A team of researchers recently unveiled a new experiment that uses touchscreens and apps in order to investigate dolphin intelligence. While this might sound like a boon to the realm of animal cognition, it raises some important questions about the ways that research is done and reveals how certain archaic attitudes within the scientific community persist, to the detriment of both science and other-than-human beings.
The experiment involves an eight-foot underwater touchscreen that dolphins can use to interact with "dolphin-friendly apps". Researchers are hoping to investigate dolphin's vocal learning, symbolic communication, and choice -- in this case, the choices between videos, images and interactions that are available on the app.
This experiment immediately calls to mind the plight of human youngsters, whose widespread addiction to video games and apps like Instagram are seen as something of a concern -- with Instagram, for example, having been labeled as among the worst things for self-esteem. Yet, the dolphins being subjected to this experiment are youngsters themselves; they are Millenials, in fact, being between the ages of 9 and 25. Perhaps it is only natural that they become hooked on smart-screen technology. Maybe in the not-too-distant future, they will be perusing Amazon Prime or the plethora of oh-so-popular food delivery apps.
Of course, this is a ridiculous notion: these dolphins never get to decide when or what they eat, nor are they allowed to make any other decisions about their lives.
Ironically, the issue of having control over one's life is precisely what lead researcher Diana Reiss hopes to investigate. She claims that the technology gives dolphins "increased choice and control [and] allows them to show us reflections of their way of thinking", yet the degree of choice on offer will be limited within the human-created confines of the app. She goes on to say that she hopes the experiment will "enrich our science by opening a window into the dolphin mind." Yet what she and her team seem not to question is: in whose minds are you opening that window? In the case of these dolphin test subjects, who were all born into captivity, the question of whether they are representative of their wild counterparts is a relevant one. Captives live impoverished lives in many regards; the stresses placed on them by such unnatural conditions are likely to skew results in ways that the researchers may not be aware of.
(Photo: Wildquest Bimini / Flickr.)
It may be that those involved in this touchscreen experiment find it irrelevant who these dolphins are or how they feel about their lives. That's not what this type of science tends to be about, after all. Reiss gushes about a young dolphin named Foster playing a version of whack-a-mole on the screen, but with swimming fish rather than moles. Has she, or anyone on her team, considered the fact that Foster has likely never seen a living fish in his entire life?
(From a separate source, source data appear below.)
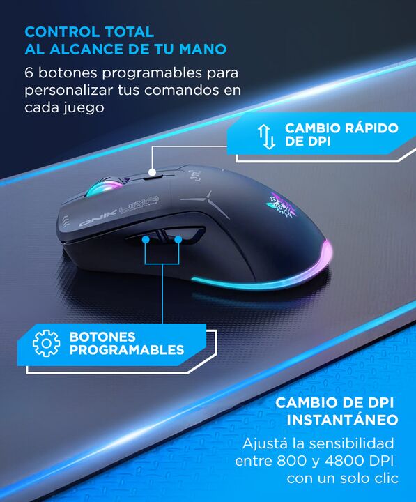 Conexión dual para mayor libertad: Alterná entre modo inalámbrico 2.4GHz y conexión por cable según tus necesidades de juego. Iluminación RGB personalizable: Elegí entre múltiples efectos de luz para complementar tu setup gamer. DPI ajustable hasta 4800: Adaptá la sensibilidad del mouse para distint...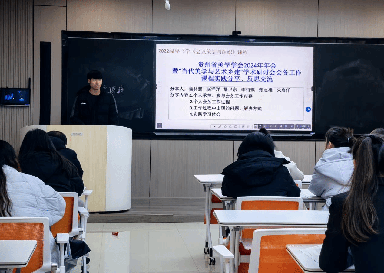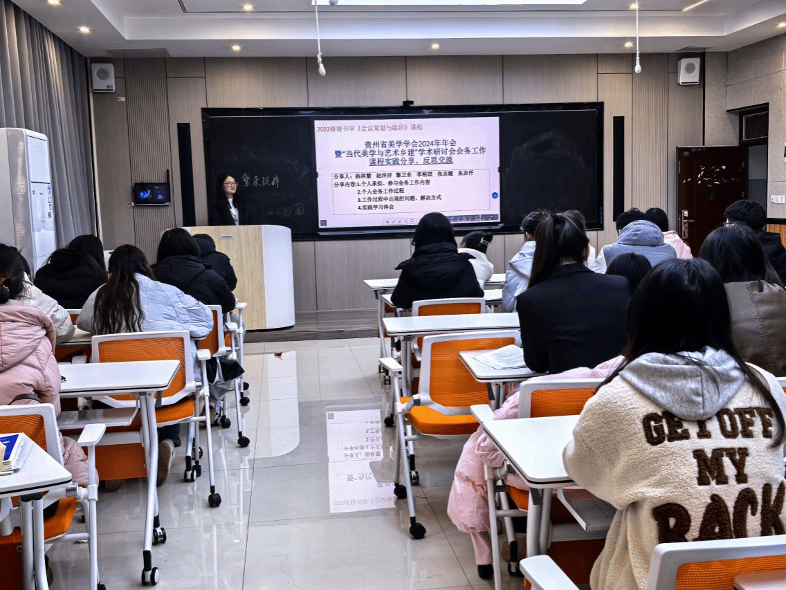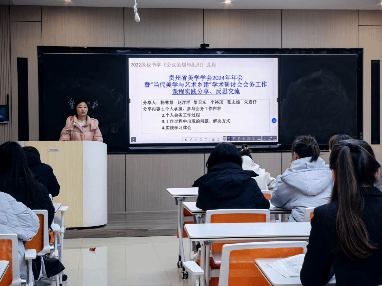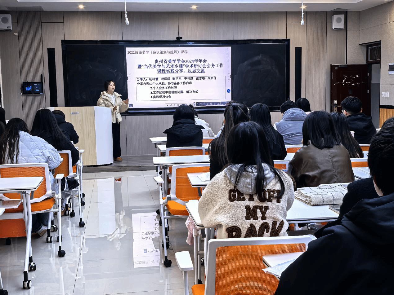12月6日,2022级秘书学专业在会议策划与组织课程任课教师杨雪的组织下,围绕贵州省美学学会2024年年会暨“当代美学与艺术乡建”学术研讨会开展了会务工作案例实践分享、反思交流活动。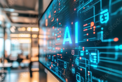 ai, artificial, intelligence, technology, display, screen, modern, office, setting, futuristic, digital, network, datum, circuit, board, blue, glowing, light, line, dot, abstract, concept, innovation, future, progress, advancement, development, automation, machine, learning, computing, algorithm, system, software, hardware, interface, user, life events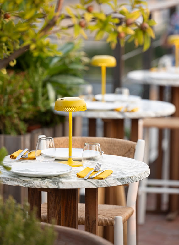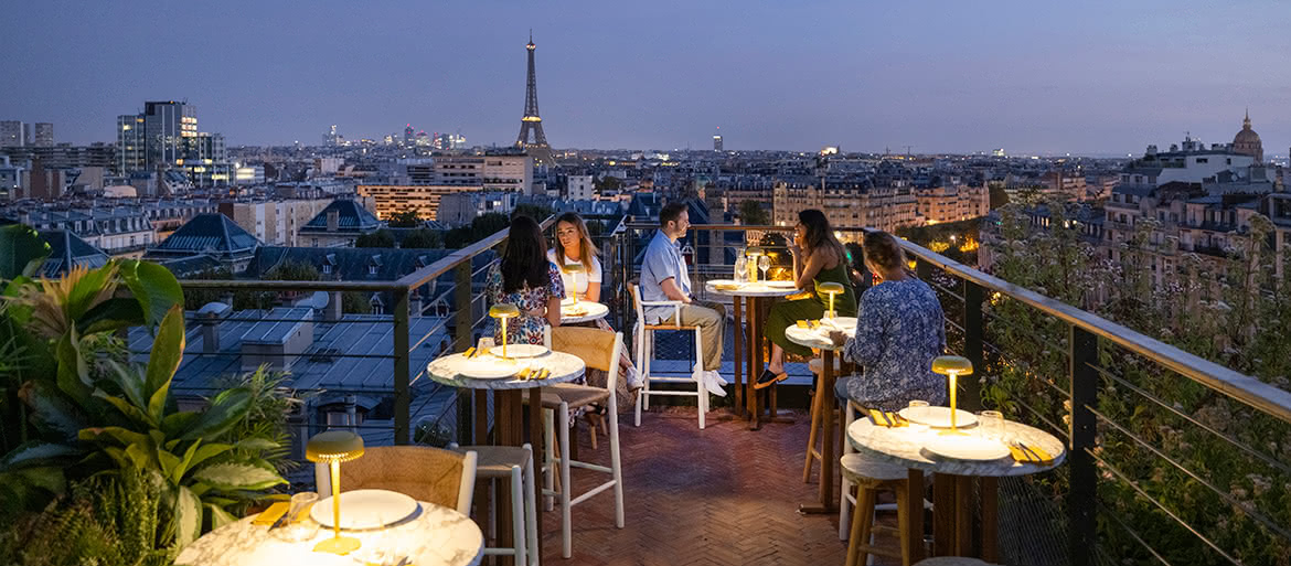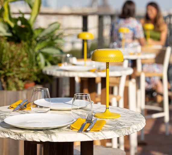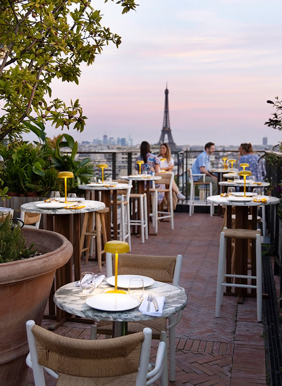 fr.Sur le rooftop de la Villa M, avec une vue imprenable sur la Tour Eiffel, les lampes LIDO moutarde et les chaises et tabourets de la collection STIPA s’imposent avec élégance, alliant confort et style.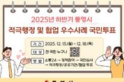 뉴한국방송뉴스통신사 신유철기자 기자 | 통영시에서는 적극행정·협업 분위기 확산을 위한 '2025년 하반기 통영시 적극행정 및 협업 우수사례 국민투표'를 12월 15일부터 18일까지 소통24 국민심사를 통해 진행한다고 밝혔다. 이번 투표는 시민의 눈높이에서 체감할 수 있는 적극행정을 펼친 우수공무원 및 지방공공기관 직원을 선발함으로써 공직 전반에 능동적이고 책임 있는 행정문화를 확산시키기 위해 마련됐다. 특히, 단순한 개인 성과를 넘어 부서 간 칸막이를 허물고 함께 문제를 해결한 협업 우수사례를 추가로 공모해 평가의 폭을 넓혔다. 시는 적극행정 인센티브뿐만 아니라 협업을 통해 시너지를 창출한 우수사례를 선정해 부서평가 가점 및 우수공무원 인센티브를 지급함으로써 조직 내 협력과 소통 중심의 근무 문화를 더욱 장려한다는 방침이다. 천영기 통영시장은 “상반기 투표를 통해 시민참여형 적극행정의 의미와 가능성을 확인했다”며 “이번 하반기에는 협업 우수사례까지 발굴 확대해 개인의 노력은 물론 조직 전체가 함께 성장하는 행정문화를 만들어가겠다. 시민 여러분들의 많은 관심과 적극적인 참여를 부탁드린다”고 전했다.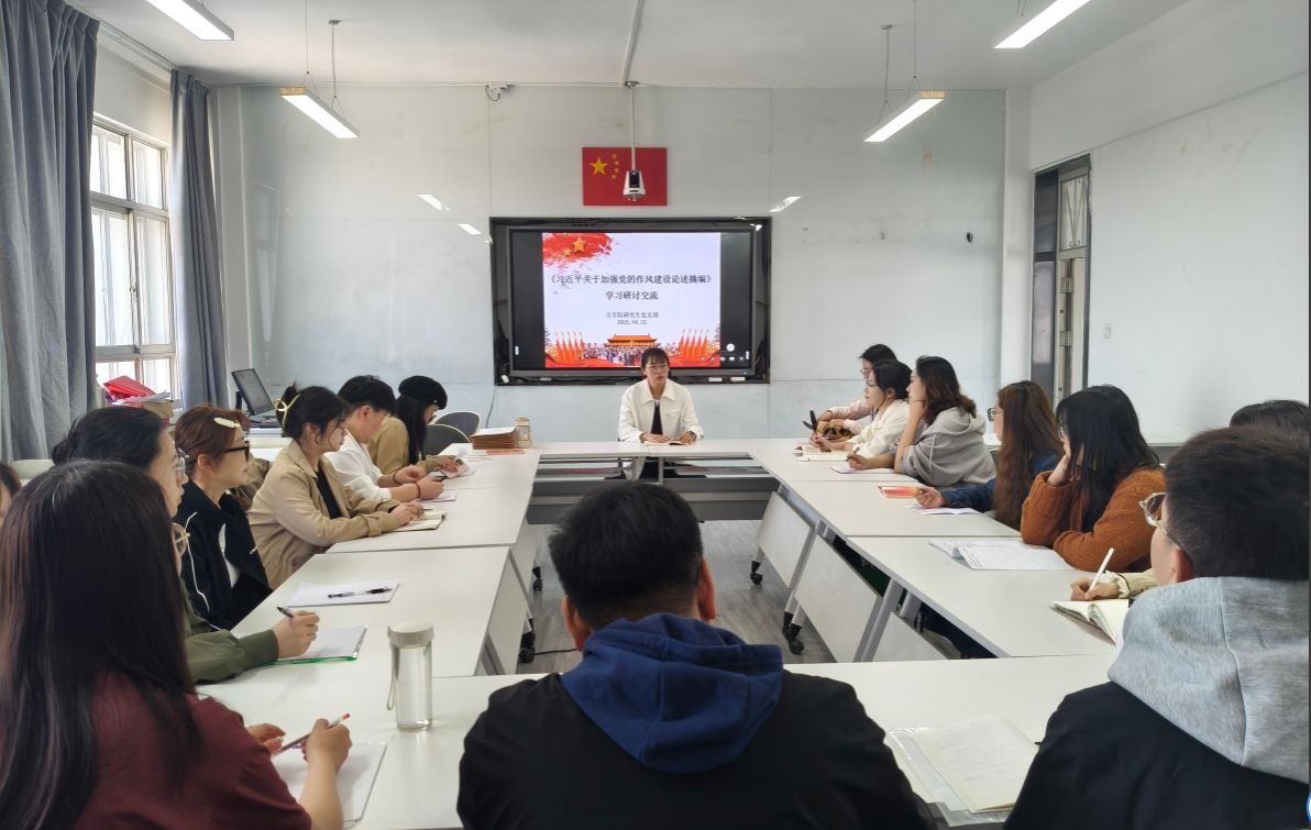 2025年4月22日,beat365官网网页版研究生党支部分两组,分别在赛罕校区田楼432和盛乐校区学院楼beat365官网网页版文澜厅,开展《习近平关于加强党的作风建设论述摘编》专题学习研讨。党支部书记张霞丹、副书记刘慧颖分别主持学习研讨。全体党员参加。

The only fish he encounters are deposited into his mouth by human hands, coming from plastic buckets placed on the concrete beside the pool. How might these images of living swimming fish, and other videos that the team plans on subjecting the dolphins to, affect them psychologically? Surely this type of question could help open that window into these dolphin's minds.
Using captive dolphins as experimental subjects is the kind of thing that can be expected from Reiss, though she should -- and does -- know better. She is best known for her work with Lori Marino that resulted in proof of dolphin self-awareness, through the iconic mirror self-recognition test. The results rocked the scientific world, and compelled Marino to swear off captive dolphins studies for good, saying that there is simply no justification for the physical and psychological suffering captivity causes cetaceans. Marino went on to develop, along with Toni Frohoff, the Interspecies Collaborative Research Paradigm: a model for research that emphasizes the moral obligation scientists now have in order to accommodate the existing knowledge of cetacean intelligence. And it presents ways that this can be done with wild individuals. Marino and Frohoff point out that some of the most compelling studies of cetaceans have been in the wild, where dolphins can be observed in their natural environment and can even choose to participate in research. The focus is placed on the well-being of the dolphins, the highest of ethical standards being the cornerstone of the paradigm, since this is what dolphins deserve.
Fortunately for the dolphins in this study, they are slated to be moved to a seaside sanctuary in the near future, meaning retirement to the ocean for the remainder of their lives. One wonders whether Reiss, and researchers like her, will lament their freedom from captivity as the loss of test subjects for experiments? This question raises others: how much information it will take, how many results will they need to acquire about cetacean intelligence before they decide to stop using them in captive experiments? When will they begin using their findings in the service of those they study, as is arguably their moral obligation? Only time will tell.